■ **Records provided**
--*--

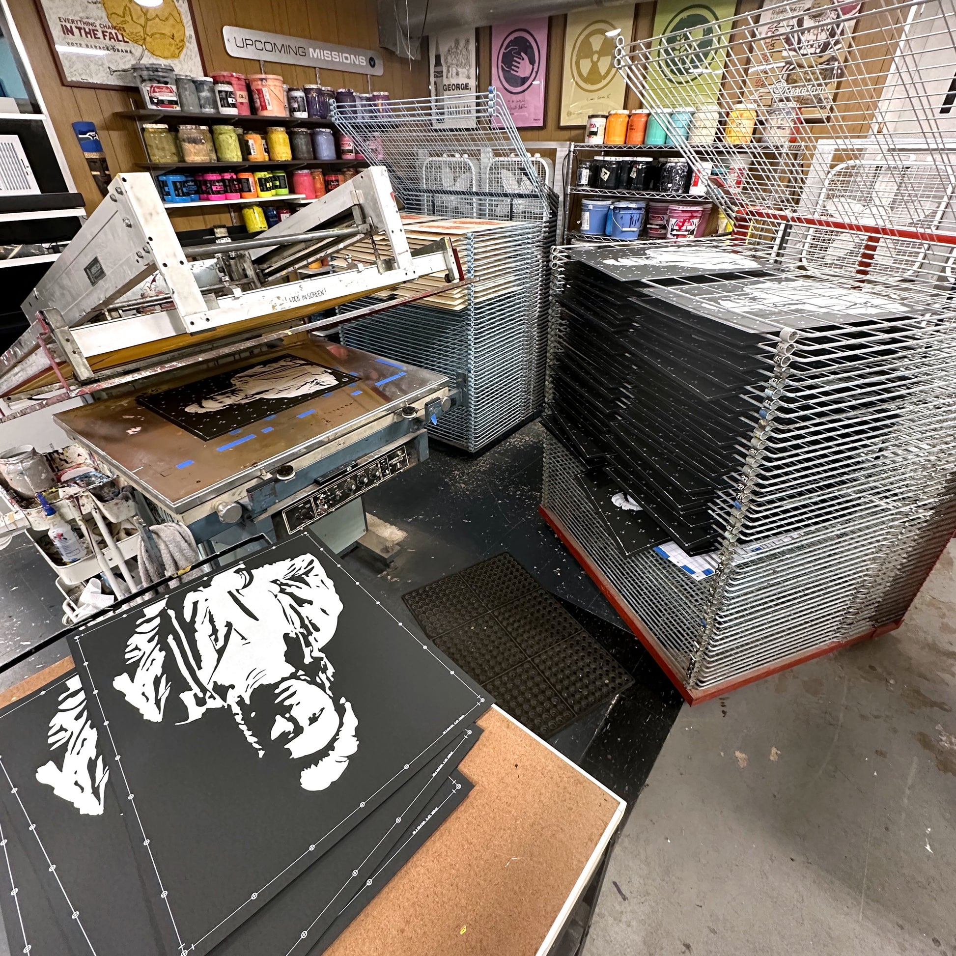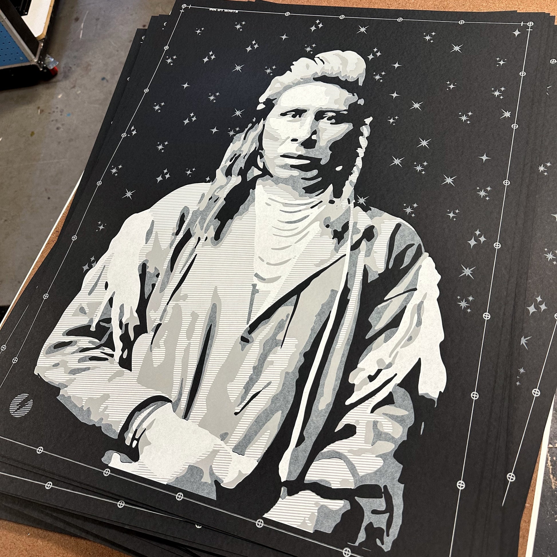 Screen print on black paper (hand pulled)
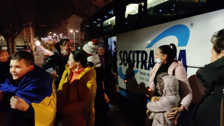 Este domingo llegó a A Coruña un grupo de 25 mujeres y niños procedentes del Campo de Refugiados de Truskavets, en un traslado coordinado por la asociación AGA-Ucraina Fueron recibidos en la sede de IESIDE, que pertenece a Abanca con una chocolatada en las instalaciones. Un grupo de empresarias de Sarria pagó el viaje del autobús.
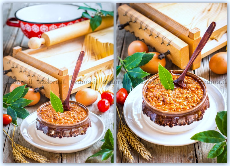 Меня часто спрашивают, почему так долго готовится рагу. Говорят, фаршу и 20 минут хватит. Отвечаю: за 20 минут мясо жарится. А рагу – это не жареное мясо. Это мясо тушёное в томатном соусе на минимальном огне. Если огонь увеличить, мясо снизу начнёт жариться, а соус быстро выкипать. Этого нельзя допускать. В Неаполе рагу готовят около 6 часов и это ещё не предел - доходит и до 10. Итальянские бабушки говорят: «Чем дольше готовится рагу, тем оно вкуснее.» Истинное болонское рагу, не имеет ничего общего с тем кошмаром, которое продают во всём мире уже даже и в консервных банках под названием “соус bolognese”. Кое-где умудрились засунуть в ту же банку и спагетти, хотя итальянцы, и в особенности жители Эмильи-Романьи, никогда не едят рагу со спагетти, а только со свежей яичной пастой, которой являются, например, тальятелле. В частности и для того, чтобы защитить рагу от подобных издевательств и подделок, в 70-х годах Итальянская Академия Кулинарии и ассоциация Confraternita del Tortellino (в переводе что-то пита Братства по защите тортеллино) положили на хранение в Торговую Палату Болоньи несколько традиционных болонских рецептов, в числе которых так же и рецепт рагу. Традиционный рецепт требует использования говяжего фарша с добавлением 1/3 грудинки. Для лазаньи можно немного облегчить рагу и использовать смешанный фарш из говядины и свинины.
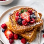 Brioche and challah are my favorites because they’re rich, soft, and thickly sliced, great for soaking up custard without falling apart. Day-old bread works best so it doesn’t get soggy while dipping.
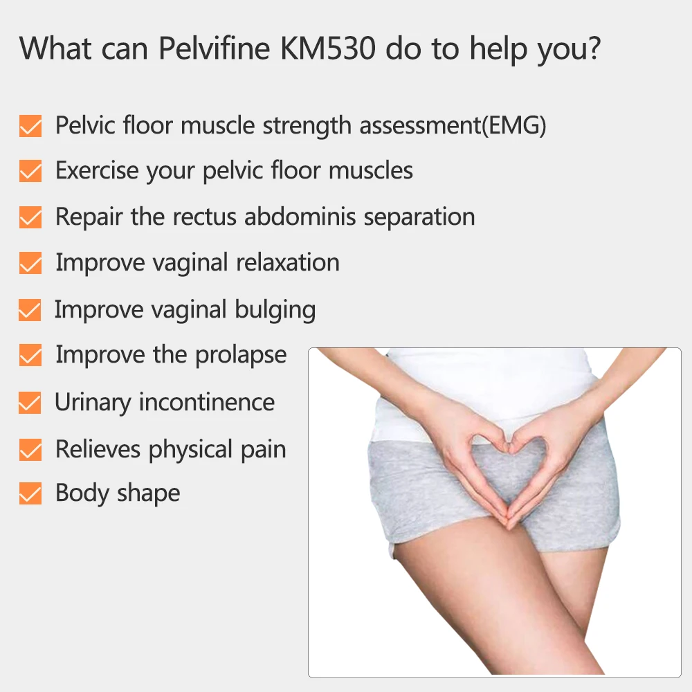 Мышцы тазового дна играют важную роль в контроле мочевого пузыря, прочности ядра и интимной сенсации. 1 из 3 женщин страдают расстройством тазового дна в течение их жизни, но есть простое решение для восстановления вашего тазового здоровья и обеспечения слабости мочевого пузыря и слабой близости не повлияют на ваше будущее счастье. Тяжело тренировать мышцы, которые вы не видите. Электронный тазовый тонер PELVIFINE KM530 удаляет догадки и является проверенным решением для улучшения слабости мочевого пузыря и интимного сенсации, а также предотвращения пролапса тазового органа.
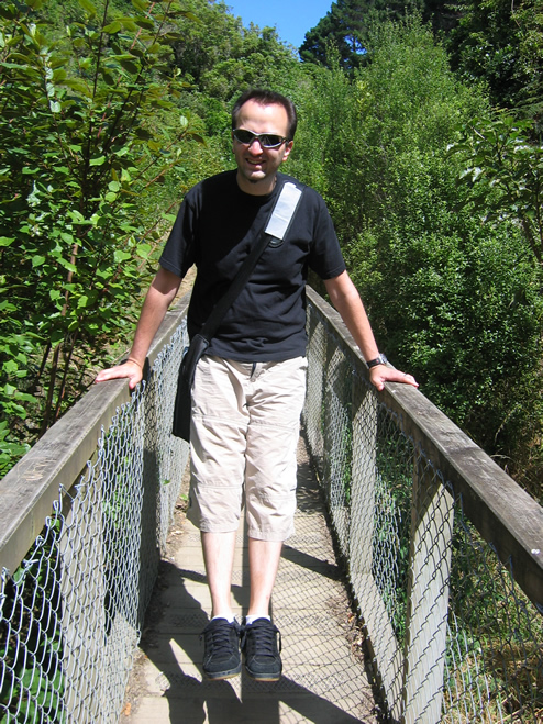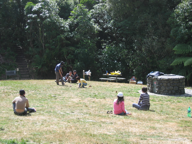 Nachdem wir gestern erst spät in die Heia gekommen sind (wir konnten uns mal wieder nicht von 24 lösen), haben wir erstmal ausgeschlafen. Nach einem gemütlichen Frühstück mit Bircher Müsli und Pancakes in einem netten kleinen Café sind wir in den Norden Wellingtons auf gebrochen, wo wir im Otari Wilton’s Bush einen Bushwalk unternommen haben. Das ist eine super-schöne Gegend, in der man viele einheimische Pflanzen sehen und auch Tiere beobachten kann. Die Wege sind zwar ziemlich steil und an manchen Stellen muss man tierisch viele Treppenstufen überwinden, um die Hügel rauf oder runter zu kommen, aber Kai und ich haben uns trotzdem durch die Unterschiedlichen Wege geplagt. An einem Picknickplatz konnten wir dann die asiatische Variante von “Blinde Kuh” beobachten: eine riesige Gruppe Asiaten hockt auf der Wiese, ein armes Opfer bekommt die Augen verbunden und muss nach den anderen tasten. Die anderen dürfen sich aber bewegen, was ein wenig fies ist, da der Suchende so ewig unterwegs ist. Damit es aber nicht zu schwierig wird, muss jeder, der sich von seinem ursprünglichen Platz entfernt, ein Kleidungsstück dort liegen lassen. Wir haben das Schauspiel nicht lang genug beobachtet, um festzustellen ob es tatsächlich einen Sieger gab, aber es sah schon witzig aus, wie die Leute leise über den Boden robben, ihre Sachen ausziehen und hinter sich liegen lassen und der Arme “Blinde” verzweifelt versucht, jemanden zu finden… ;)
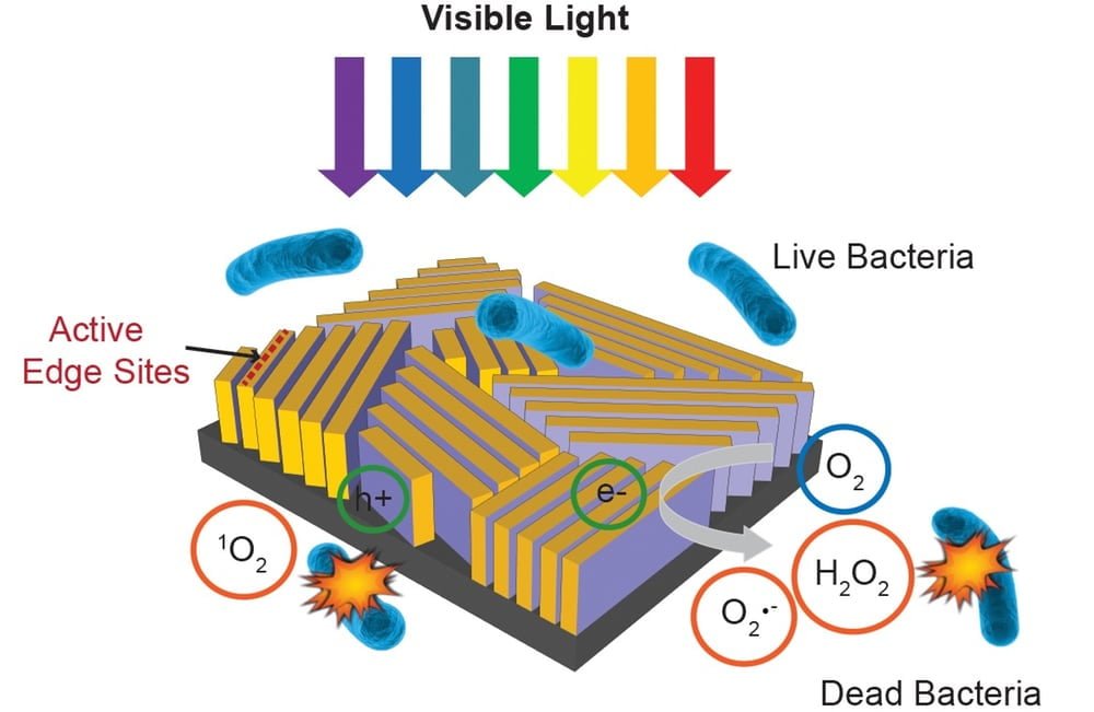 این قطعه مستطیلی کوچک به اندازه نصف یک تمبر پستی است و تنها یک تکه شیشه ای سیاه رنگ است که در ظرف تمیزی از آب قرار میگیرد. در واقع یک لایه شیشه ای که از نانو ذرات دی سولفید مولیبدن تشکیل شده است. این ذرات در گوشه ها انباشته میشوند بطوریکه گوشه های آنها به سمت بالا باشد، هر یک از این گوشه ها با یک لایه نازک از مس پوشیده شده است. وقتی نور خورشید به اندازه کافی به آن بتابد، دی سولفید مولیبدن و مس به عنوان فتوکاتالیست (کاتالیزورهایی که در حضور نور فعال میشوند) عمل میکنند و پراکسید هیدروژن و دیگر مواد شیمیایی ضدعفونی کننده را در داخل آب رها میکنند. هنگامی که کشتن باکتری ها با پایان رسید همه مواد شیمیایی پراکنده میشوند و آب خالص باقی میماند. دلیل اصلی اینکه این قطعه بسیار سریع تر از روش ماوراء بنفش عمل میکند این است که؛ اشعه UV (ماورای بنفش) تنها 4 درصد ار انرژی خورشیدی را حمل میکند در حالی نور مردی 50 درصد را.
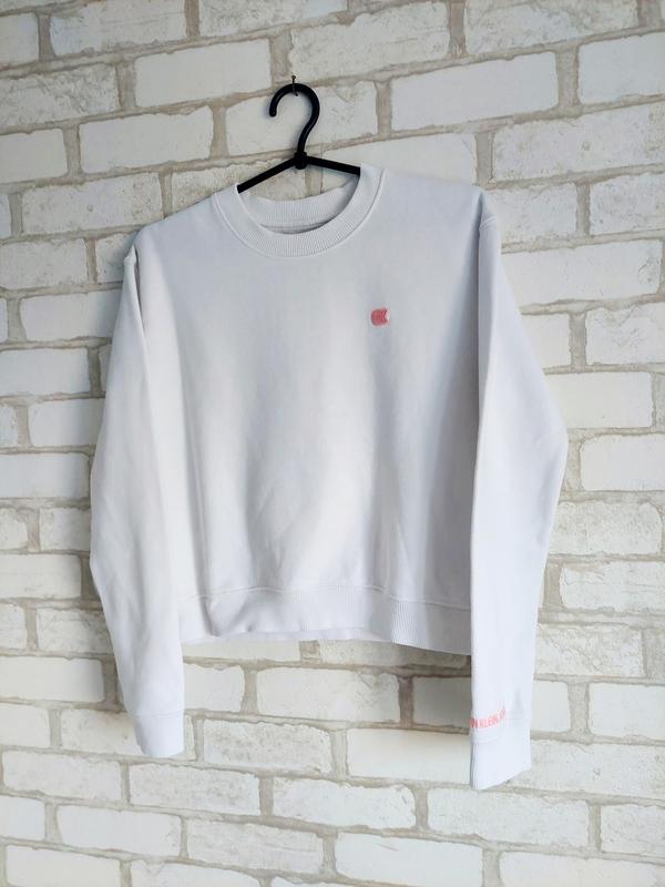 Свитшот Calvin Klein Jeans белого цвета. Оригинальный. Мягкий и теплый, с начесом внутри. Минималистичный дизайн с маленьким розовым логотипом CK на груди и надписью на рукаве. Состояние отличное, без пятен и дефектов. Подойдет для повседневных образов. Если нужны замеры, пишите.
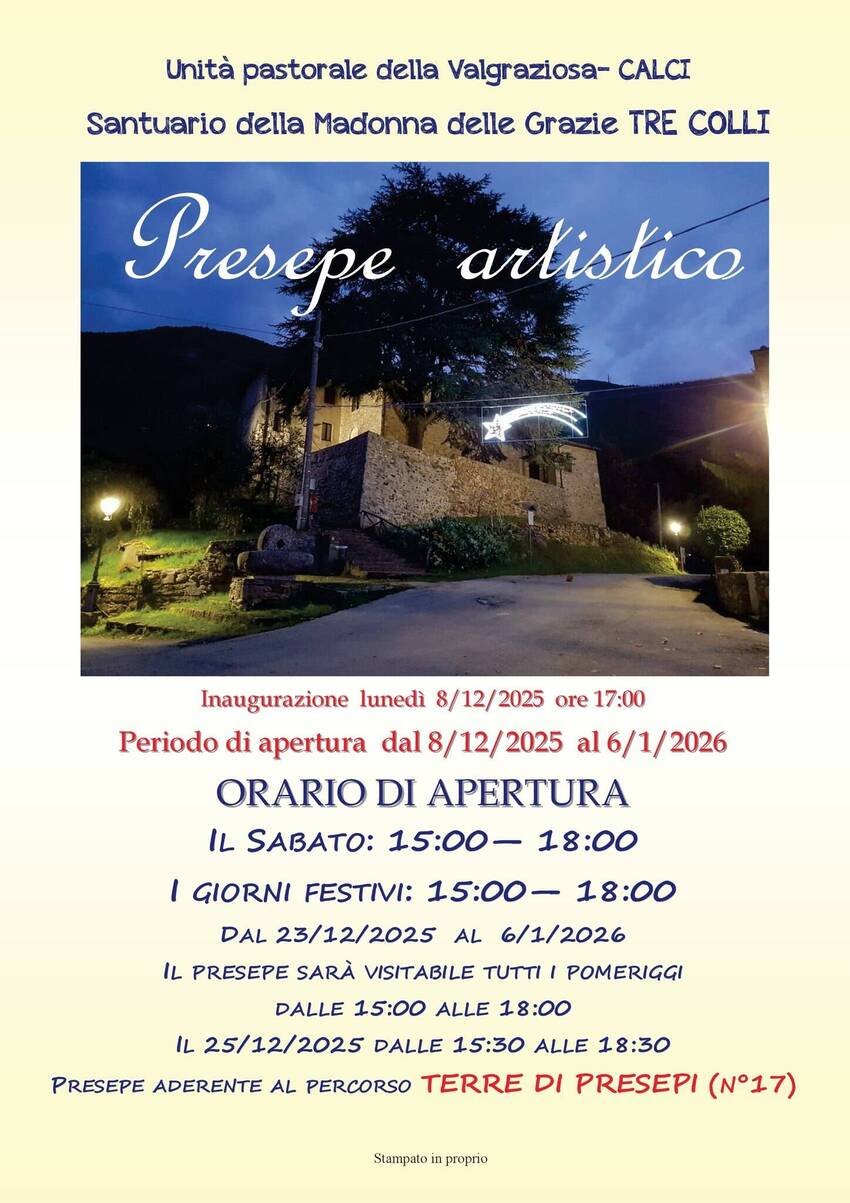 Altrettanto caratteristici gli altri due presepi, inaugurati entrambi l’8 Dicembre. Il Presepe artistico di Tre Colli, realizzato all’interno del Santuario della Madonna delle Grazie dall'Unità Pastorale della Valgraziosa, è opera di alcuni cittadini e alcune cittadine. La tradizionale Natività è ambientata in un paesaggio che richiama la Valgraziosa e le sue storiche tradizioni: le suggestive scenografie esaltano i tratti caratteristici del territorio calcesano, con terrazzamenti di uliveti e macine di pietra durissima estratta dalla roccia della Verruca, e mirano rappresentare le storiche tradizioni calcesane, là dove semplicità e cultura contadina si univano costruendo mulini alimentati da canali d’acqua.
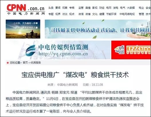 中國(guó)電力新聞網(wǎng):推廣“煤改電”糧食烘干

--*--

■ **Directions for this task**
The expected output is an exact copy of the lines from the top of the data above through the line containing "Brioche and challah", both included, with every picture omitted.

■ **Problem solution**
 Screen print on black paper (hand pulled)
 Este domingo llegó a A Coruña un grupo de 25 mujeres y niños procedentes del Campo de Refugiados de Truskavets, en un traslado coordinado por la asociación AGA-Ucraina Fueron recibidos en la sede de IESIDE, que pertenece a Abanca con una chocolatada en las instalaciones. Un grupo de empresarias de Sarria pagó el viaje del autobús.
 Меня часто спрашивают, почему так долго готовится рагу. Говорят, фаршу и 20 минут хватит. Отвечаю: за 20 минут мясо жарится. А рагу – это не жареное мясо. Это мясо тушёное в томатном соусе на минимальном огне. Если огонь увеличить, мясо снизу начнёт жариться, а соус быстро выкипать. Этого нельзя допускать. В Неаполе рагу готовят около 6 часов и это ещё не предел - доходит и до 10. Итальянские бабушки говорят: «Чем дольше готовится рагу, тем оно вкуснее.» Истинное болонское рагу, не имеет ничего общего с тем кошмаром, которое продают во всём мире уже даже и в консервных банках под названием “соус bolognese”. Кое-где умудрились засунуть в ту же банку и спагетти, хотя итальянцы, и в особенности жители Эмильи-Романьи, никогда не едят рагу со спагетти, а только со свежей яичной пастой, которой являются, например, тальятелле. В частности и для того, чтобы защитить рагу от подобных издевательств и подделок, в 70-х годах Итальянская Академия Кулинарии и ассоциация Confraternita del Tortellino (в переводе что-то пита Братства по защите тортеллино) положили на хранение в Торговую Палату Болоньи несколько традиционных болонских рецептов, в числе которых так же и рецепт рагу. Традиционный рецепт требует использования говяжего фарша с добавлением 1/3 грудинки. Для лазаньи можно немного облегчить рагу и использовать смешанный фарш из говядины и свинины.
 Brioche and challah are my favorites because they’re rich, soft, and thickly sliced, great for soaking up custard without falling apart. Day-old bread works best so it doesn’t get soggy while dipping.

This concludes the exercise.